Mr Chaudhry's dismissal followed his opposition to the privatisation of Pakistan Steel Mills in Karachi, bought by three companies, one of which was rumoured to be a front for the then prime minister, and another on close terms with Mr Musharraf himself. Mr Chaudhry's three targets are the same now as they were in 2007: corruption, corruption and corruption. But Mr Ahsan himself likes telling the story of his finest hour. He tells it well.
"Musharraf, fearing that the judges would rule against him continuing to wear his uniform as chief of staff through an election for a second term, arrested the Chief Justice on November 3rd. I was myself arrested from this very room in my home. I was holding a press conference, condemning the imposition of the emergency and the suspension of the constitution, when the guy from downstairs called me, and said: 'The police have surrounded the house – they are going to come and get you.' I asked: 'Is there an escape route?' There was a road behind the house. He said, 'It's surrounded on every side.' I said: 'Be calm and let them come up.' I continued with the press conference. Then the police barged in."
"This was an electrifying event for the people, particularly because the chief justice had resisted the general's demand for his own resignation and had contested his dismissal before his own supreme court, where I represented him. And he had also energised the entire public by his travels in Pakistan earlier in the year. Chaudhry drove from here to Lahore – I drove him – and he stopped at every village. It should have taken four hours and it took 26 hours. There were millions of people, tens of thousands every couple of miles. Because of this, the 13 judges reinstated the chief justice on 20 July 2007 ..."
Much good did it do him. Mr Chaudhry was detained at his official residence, along with his children. "They were padlocked in," Ahsan says, still with a sense of shock. "They couldn't even go out to the back yard or the front garden for five months. He was forbidden cell-phones and television. I was myself detained all that time. We used servants with grocery baskets to pass messages. We put cellphone chips in the baskets. A one-minute call was all we could get from them before the police jammed the line."
And at this point, a palpable sense of rage almost overwhelms the bespectacled and slightly long-haired Mr Ahsan and he raises his finger in front of his face. "And during all this time, not a syllable or decibel was heard from either London or Washington or their representatives in Pakistan. There was not even a statement of concern about the children.

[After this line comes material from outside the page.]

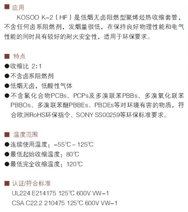 (K-2)(HF)低煙無鹵阻燃聚烯烴熱縮管產(chǎn)品詳情

The British and the Americans wouldn't touch us with a barge pole. All the time, they were negotiating between Benazir Bhutto and Musharraf."
Mr Ahsan shakes his head. The lawyers' movement was, he explains, non-violent, pluralistic and in favour of "moderate" values. "It was the only one of its kind in the history of the Islamic world. And the West treated us like pariahs. They embraced Musharraf, they were angry at us."

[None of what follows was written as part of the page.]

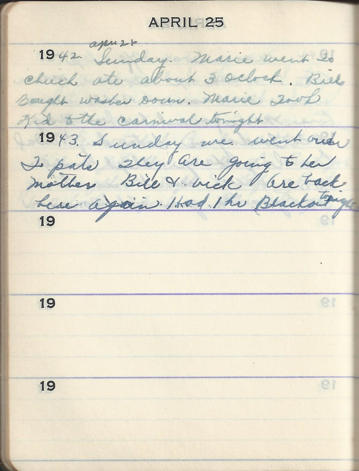 1942 Apr 26 Sunday. Marie went To church ate about 3 oclock. Bills Brought washer Down. Marie Took Kids to the carnival tonight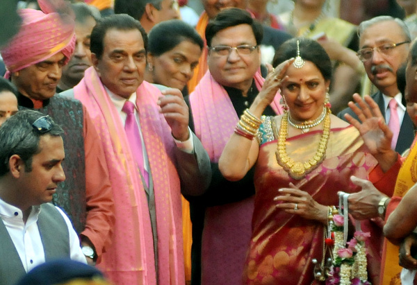 Among the stars were Ranveer Singh and Deepika Padukone, Sonakshi Sinha, Rekha , Amar Singh, industrialist Ambanis and yoga guru Baba Ramdev. Ahana and Vaibhav had a Punjabi as well as South Indian style of wedding.

In a sense, the Pakistani judiciary had become an equivalent to the press in Britain after Tony Blair's decision to go to war in Iraq: they were the real opposition party; they – and not the politicians – represented the people.

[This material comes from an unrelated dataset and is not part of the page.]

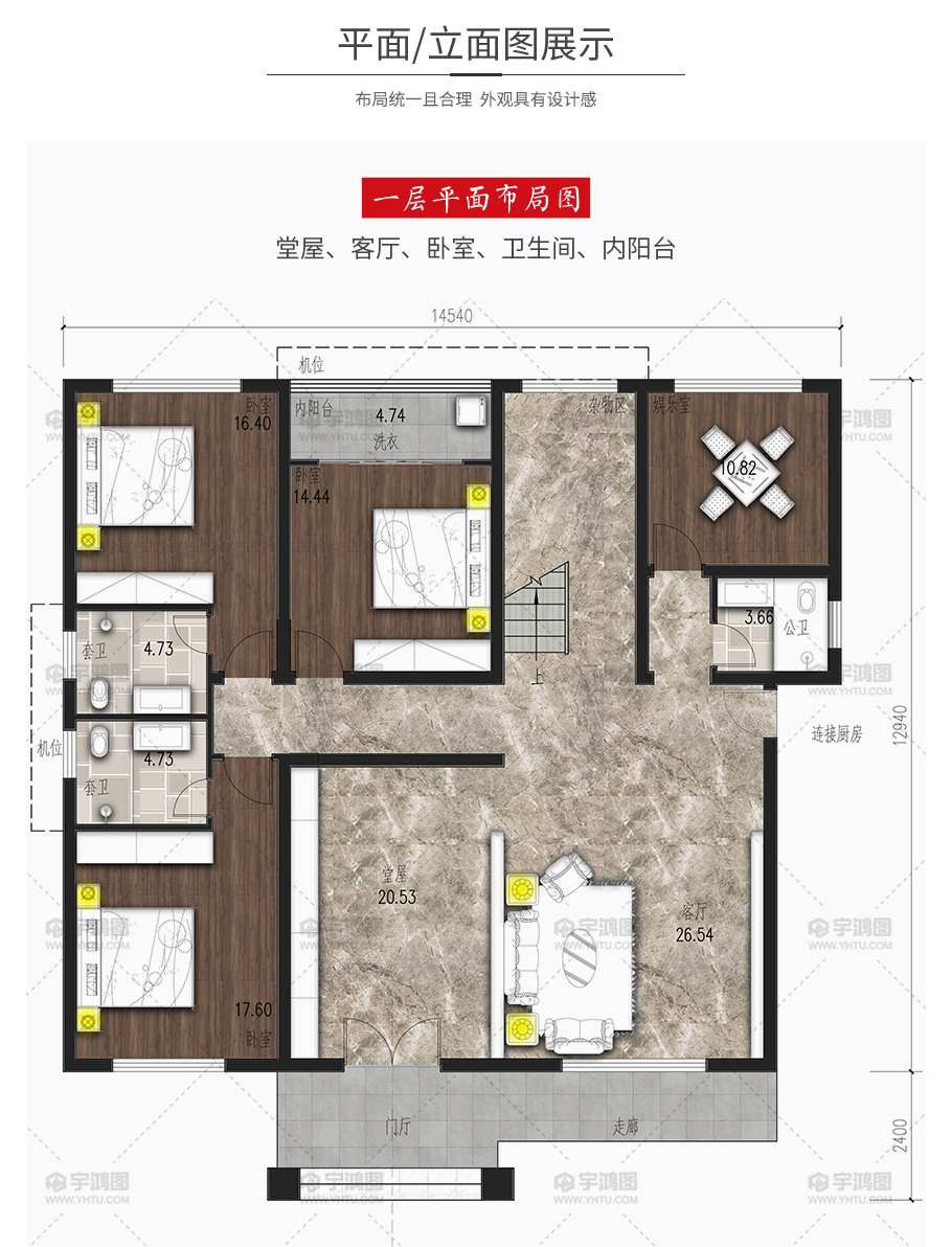 | 開間:14.54米 | 進深:15.34米 | 占地面積:179.5平方米 | 建筑面積:373.2平方米 |

"The fact is that until the chief justice refused to resign, there was no challenge to Pervez Musharraf," Mr Ahsan goes on. "He had had a tame judiciary – which included Chaudhry at that time – which was totally subservient. He [Musharraf] was the army chief and the military did his bidding entirely; and the popular opposition leaders – Benazir and Nawaz Sharif – were both in self-exile. It was at this point that the lawyers picked up the standard of revolt and challenged the authority of Musharraf in the face of brutal repression. The people responded and the rallies got bigger and bigger by the day."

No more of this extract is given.